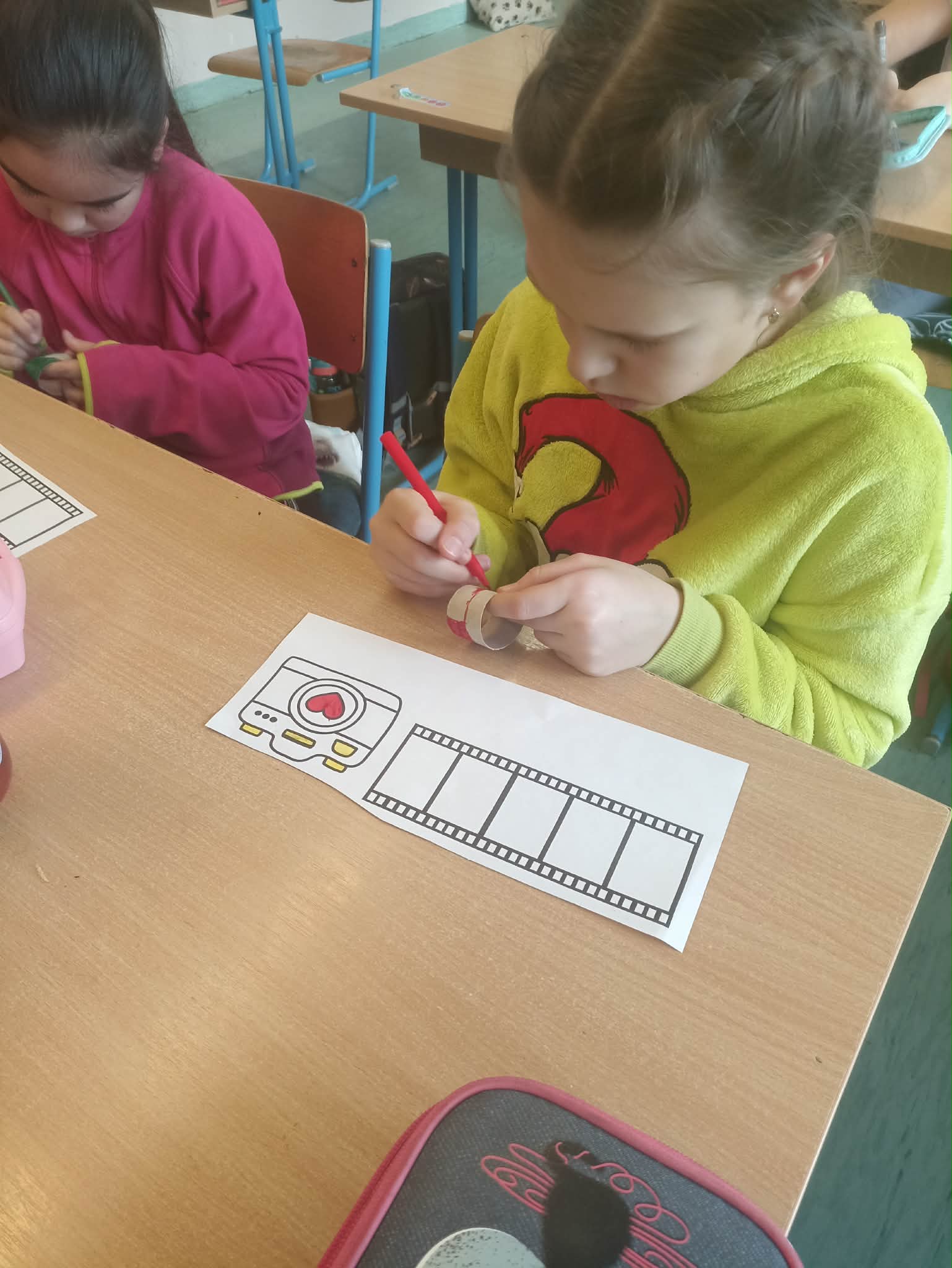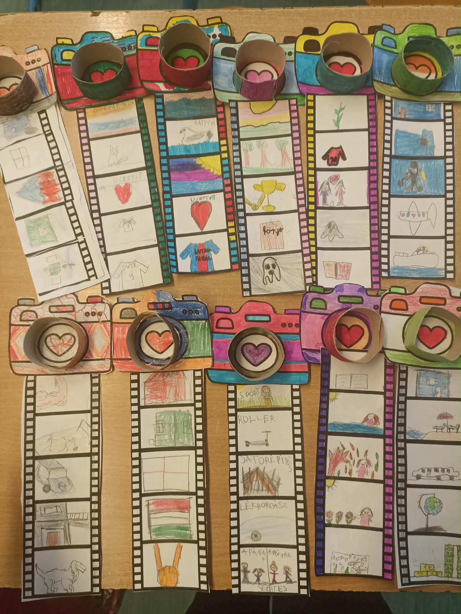 A mai Boldogságórán izgalmas felfedezőútra indultunk a harmadik osztályosokkal, ahol a célok kitűzése volt a középpontban. Beszélgettünk arról, miért fontosak az álmok, és hogyan segítenek bennünket a kitartásban mind az iskolában, mind a mindennapi életben. A gyerekek nagy lelkesedéssel meséltek idei terveikről és távolabbi vágyaikról, majd kreatív formába is öntötték azokat. Mindenki készített egy egyedi „fényképezőgépet”, amelynek filmkockáira rajzolták le legfontosabb céljaikat, így vizuálisan is rögzítették a sikeres jövő felé vezető útjukat.
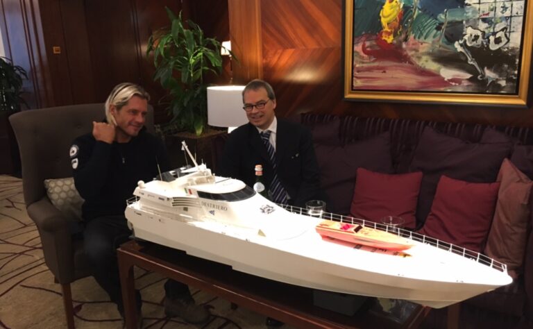 Un interesse, quello del consorzio per il Destriero, “l’unico e il solo yacht da corsa puro al mondo”, come lo definisce lo stesso Stern, che nasce dalla rivoluzionaria tecnologia con cui l’imbarcazione 30 anni fa è stata costruita. “Scafo completo in alluminio leggero – ricorda – 3 turbine LM1600 derivate dal caccia F/A-18 Hornet, propulsioni KaMeWa Jetstream invece di propulsori standard”.
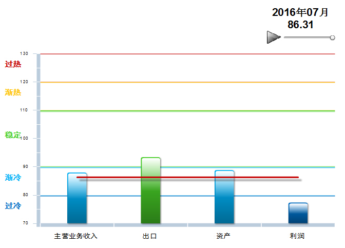 2015年6月至2016年7月,中轻皮革景气指数基本稳定,在90附近小幅波动,处于稳定提示区的下半区运行,至7月已经在渐冷提示区运行17个月,且呈下行趋势(参见图3)。
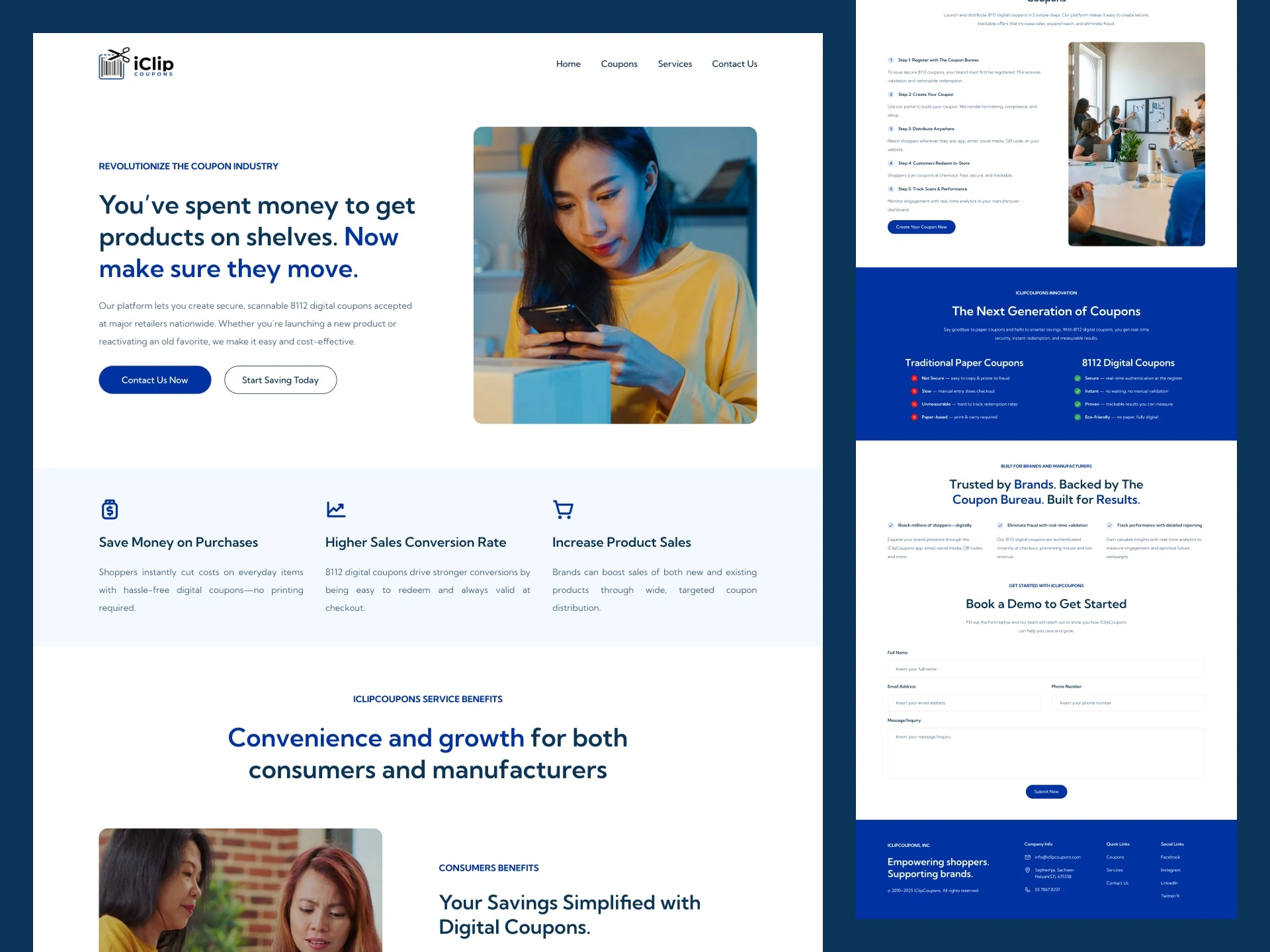 Designed a modern landing page for iClipCoupons to promote secure digital coupons to both consumers and manufacturers.
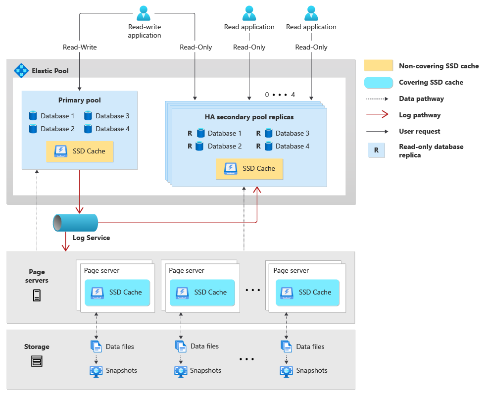 - プライマリ Elastic Pool内の Hyperscale データベースはすべて、同じログ サービスを共有します。 高可用性プール内のデータベースには書き込みワークロードがないため、ログ サービスは利用されません。
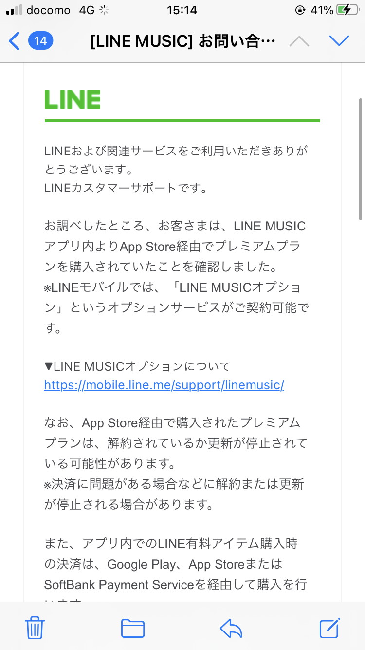 ラインミュージックが使用できなくなり問い合わせたところ、写真のようにApple Store経由でのLINEミュージックのプレミアムプランが解約、契約停止させている可能性があるとのことでしたので問い合わせをしました。
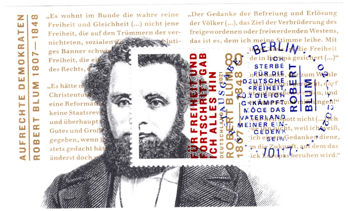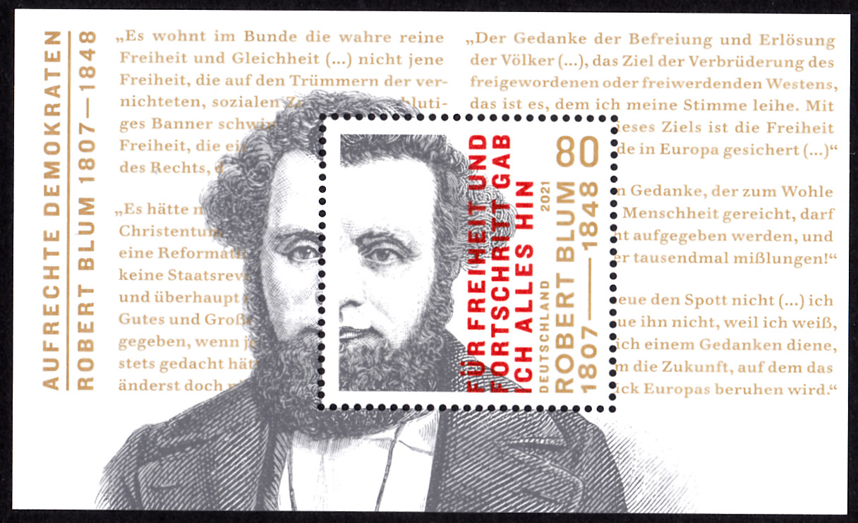 Dieser Block (MiNr Block 89 mit Marke MiNr 3637) aus der Ausgabe-Reihe "Aufrechte Demokraten" istb im Gegensatz zu den vorangegangenen kein sogenannter "Philatelieblock". Er erschien auf Veranlassung des Finanzministeriums. Er zeigt ein Porträt von Robert Blum (1807–1848; deutscher Schriftsteller und Politiker) und ein Zitat.

* * *

* [HOW TO COMPLETE THIS TASK]
The entries above should be reproduced exactly, without their pictures.

* [EXERCISE OUTPUT]
 A mai Boldogságórán izgalmas felfedezőútra indultunk a harmadik osztályosokkal, ahol a célok kitűzése volt a középpontban. Beszélgettünk arról, miért fontosak az álmok, és hogyan segítenek bennünket a kitartásban mind az iskolában, mind a mindennapi életben. A gyerekek nagy lelkesedéssel meséltek idei terveikről és távolabbi vágyaikról, majd kreatív formába is öntötték azokat. Mindenki készített egy egyedi „fényképezőgépet”, amelynek filmkockáira rajzolták le legfontosabb céljaikat, így vizuálisan is rögzítették a sikeres jövő felé vezető útjukat.
 Un interesse, quello del consorzio per il Destriero, “l’unico e il solo yacht da corsa puro al mondo”, come lo definisce lo stesso Stern, che nasce dalla rivoluzionaria tecnologia con cui l’imbarcazione 30 anni fa è stata costruita. “Scafo completo in alluminio leggero – ricorda – 3 turbine LM1600 derivate dal caccia F/A-18 Hornet, propulsioni KaMeWa Jetstream invece di propulsori standard”.
 2015年6月至2016年7月,中轻皮革景气指数基本稳定,在90附近小幅波动,处于稳定提示区的下半区运行,至7月已经在渐冷提示区运行17个月,且呈下行趋势(参见图3)。
 Designed a modern landing page for iClipCoupons to promote secure digital coupons to both consumers and manufacturers.
 - プライマリ Elastic Pool内の Hyperscale データベースはすべて、同じログ サービスを共有します。 高可用性プール内のデータベースには書き込みワークロードがないため、ログ サービスは利用されません。
 ラインミュージックが使用できなくなり問い合わせたところ、写真のようにApple Store経由でのLINEミュージックのプレミアムプランが解約、契約停止させている可能性があるとのことでしたので問い合わせをしました。
 Dieser Block (MiNr Block 89 mit Marke MiNr 3637) aus der Ausgabe-Reihe "Aufrechte Demokraten" istb im Gegensatz zu den vorangegangenen kein sogenannter "Philatelieblock". Er erschien auf Veranlassung des Finanzministeriums. Er zeigt ein Porträt von Robert Blum (1807–1848; deutscher Schriftsteller und Politiker) und ein Zitat.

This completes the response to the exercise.